■ Work to be completed
Each line from the one with "Рис. 3. Сводный" through the last line of the material is to be printed exactly; no other line and no picture belongs in the copy.

■ Task input
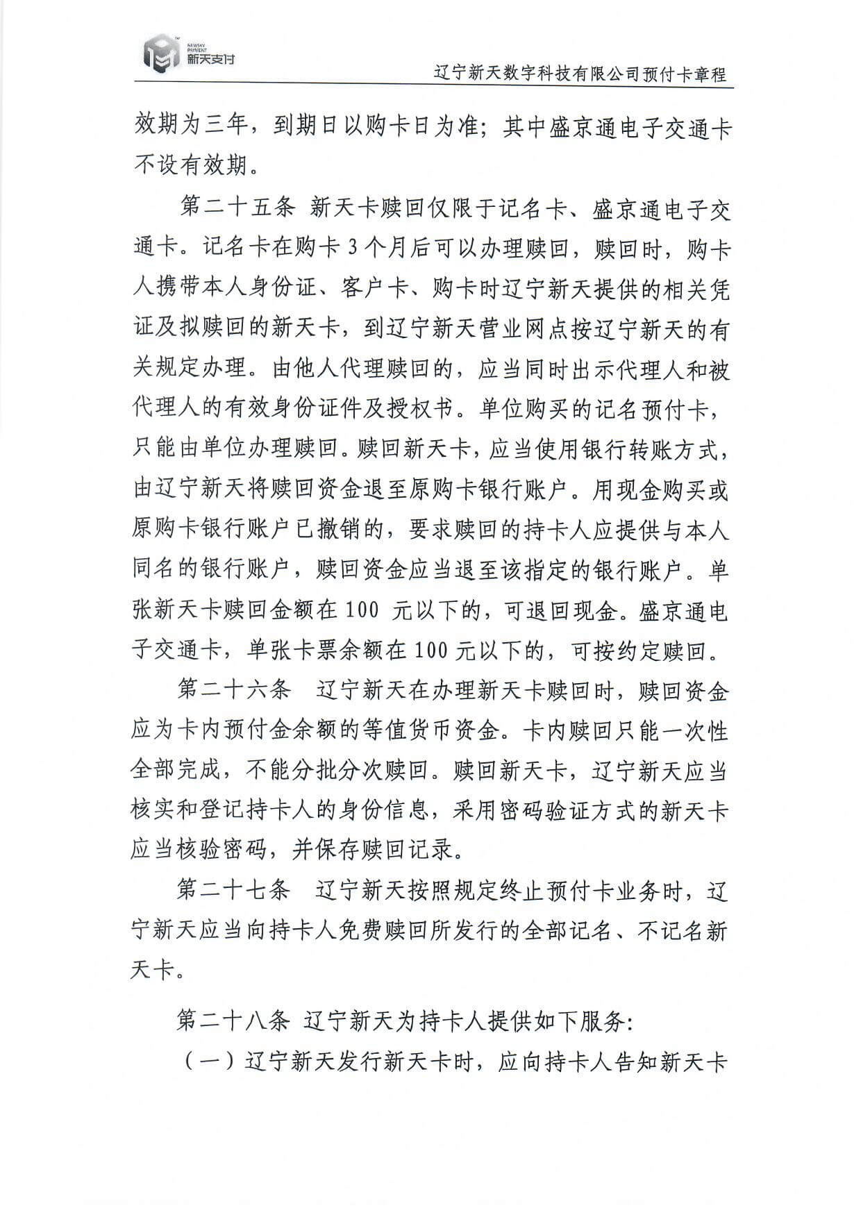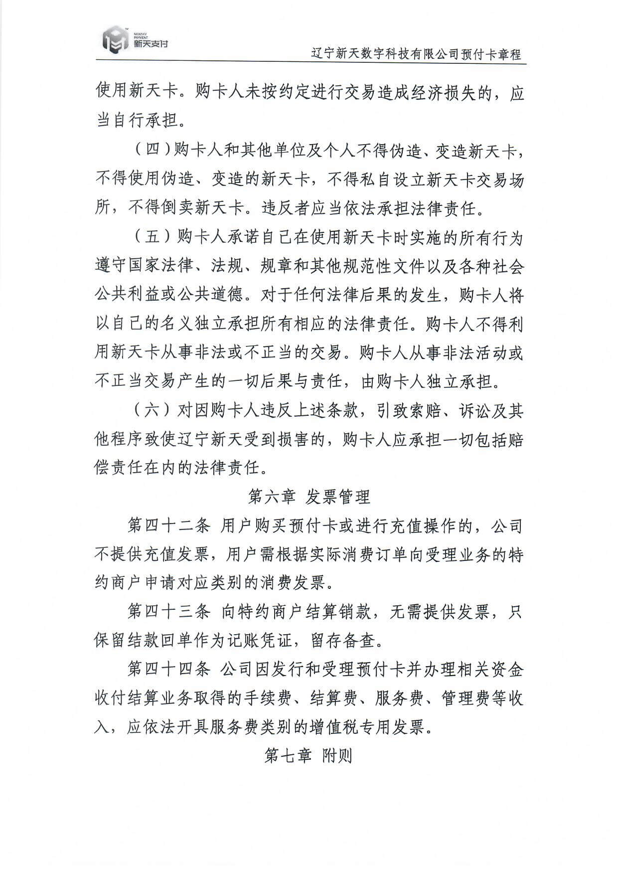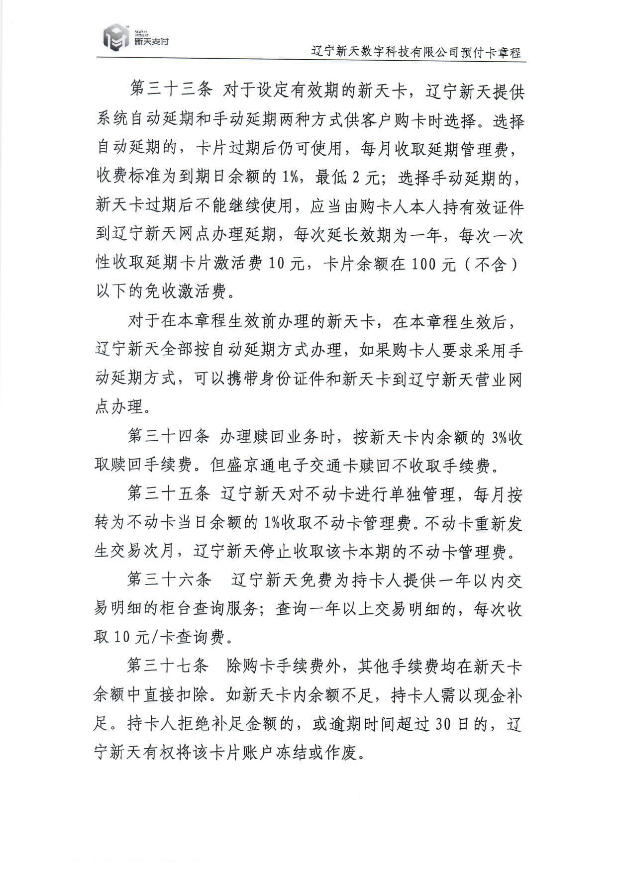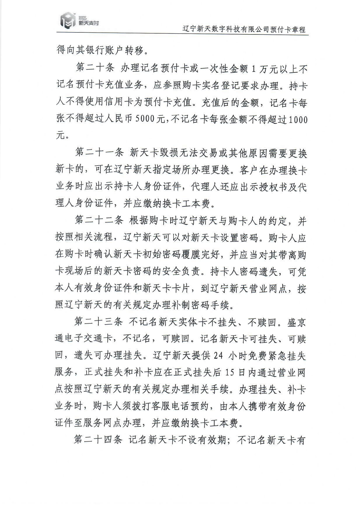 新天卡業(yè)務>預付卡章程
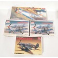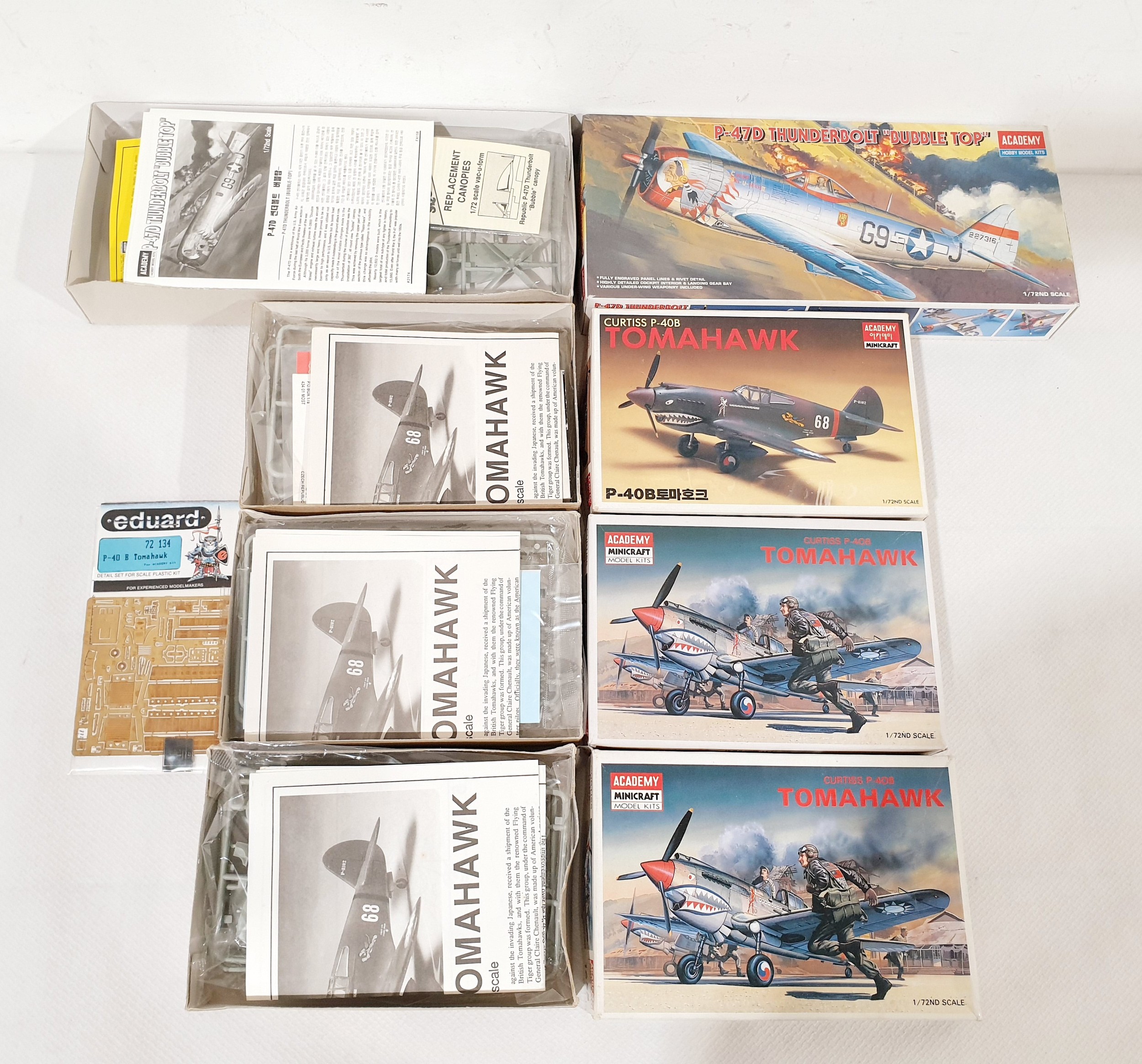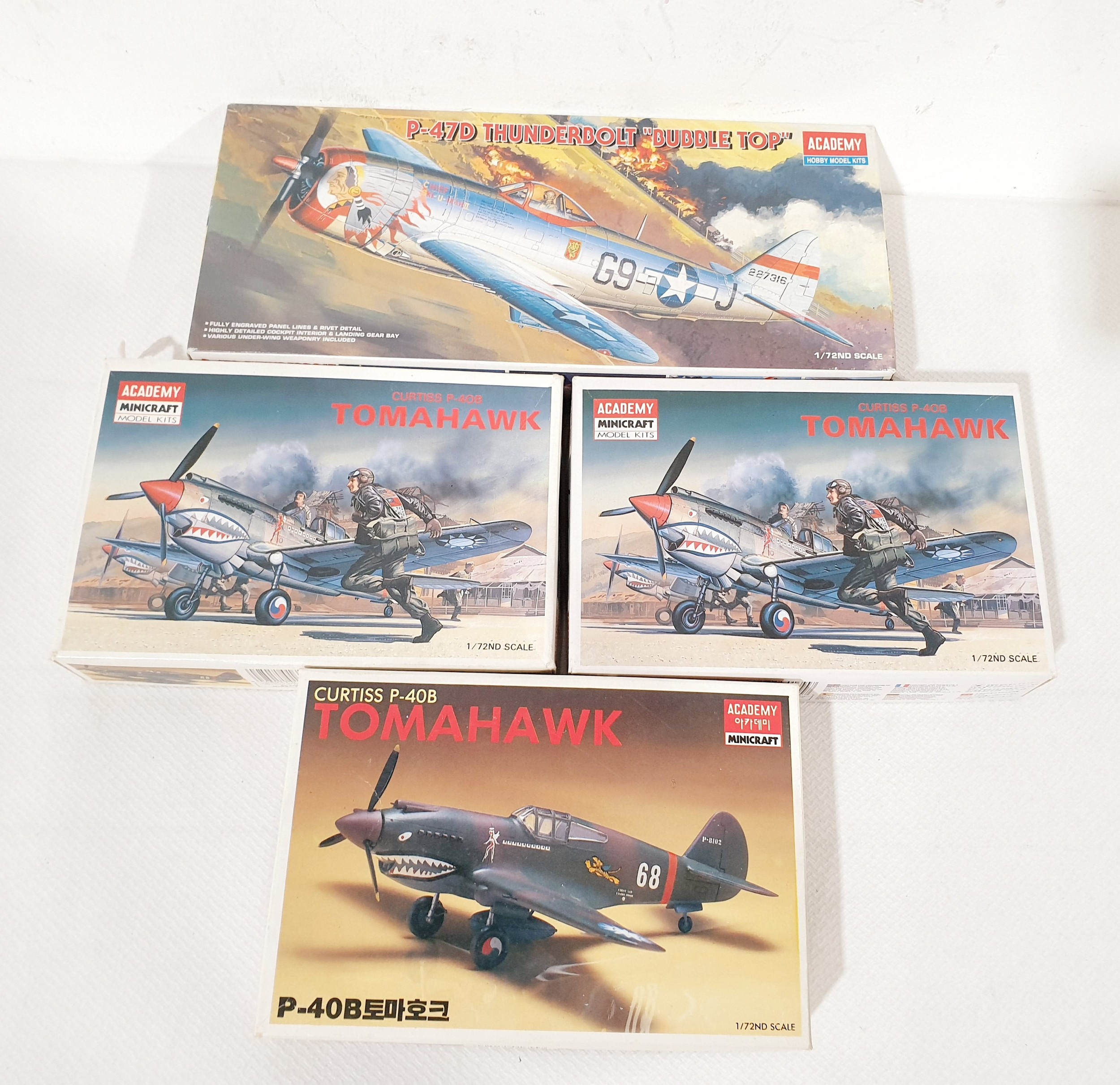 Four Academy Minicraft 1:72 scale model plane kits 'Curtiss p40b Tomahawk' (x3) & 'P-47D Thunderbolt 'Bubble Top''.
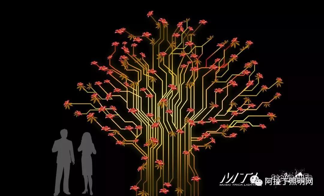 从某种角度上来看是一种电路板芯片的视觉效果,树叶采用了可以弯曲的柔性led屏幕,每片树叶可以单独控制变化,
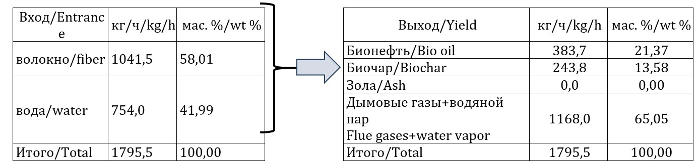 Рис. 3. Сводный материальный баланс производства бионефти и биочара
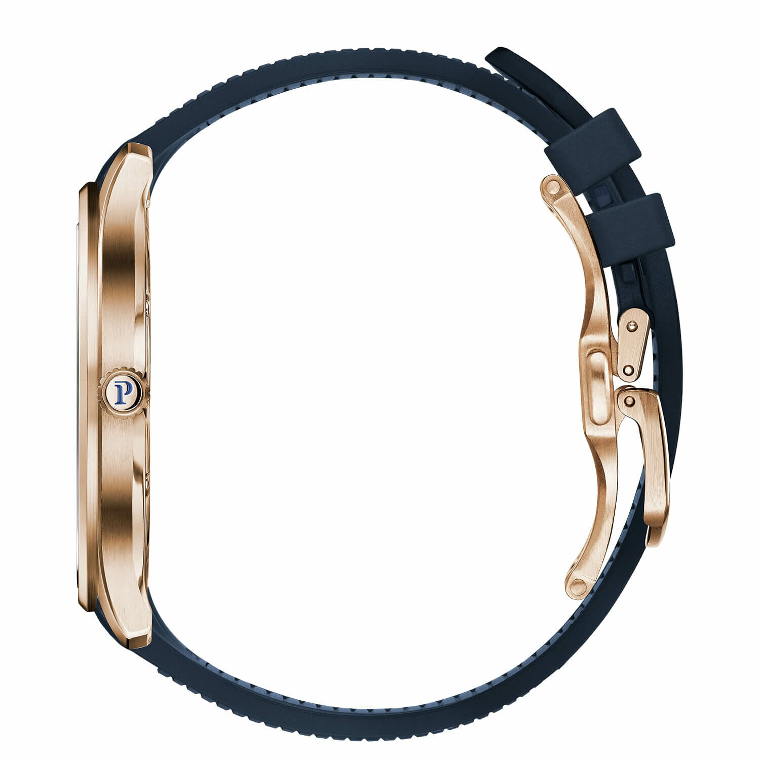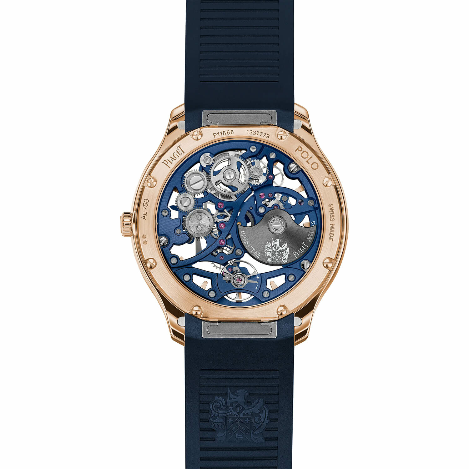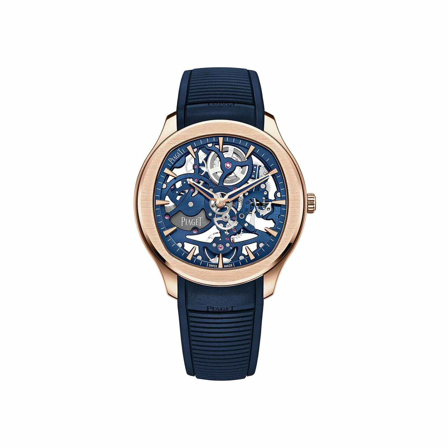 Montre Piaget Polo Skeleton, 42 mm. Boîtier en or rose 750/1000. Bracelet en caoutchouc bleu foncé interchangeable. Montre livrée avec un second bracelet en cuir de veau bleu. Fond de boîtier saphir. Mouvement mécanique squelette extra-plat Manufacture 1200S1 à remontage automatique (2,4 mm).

■ Written response
 Рис. 3. Сводный материальный баланс производства бионефти и биочара
 Montre Piaget Polo Skeleton, 42 mm. Boîtier en or rose 750/1000. Bracelet en caoutchouc bleu foncé interchangeable. Montre livrée avec un second bracelet en cuir de veau bleu. Fond de boîtier saphir. Mouvement mécanique squelette extra-plat Manufacture 1200S1 à remontage automatique (2,4 mm).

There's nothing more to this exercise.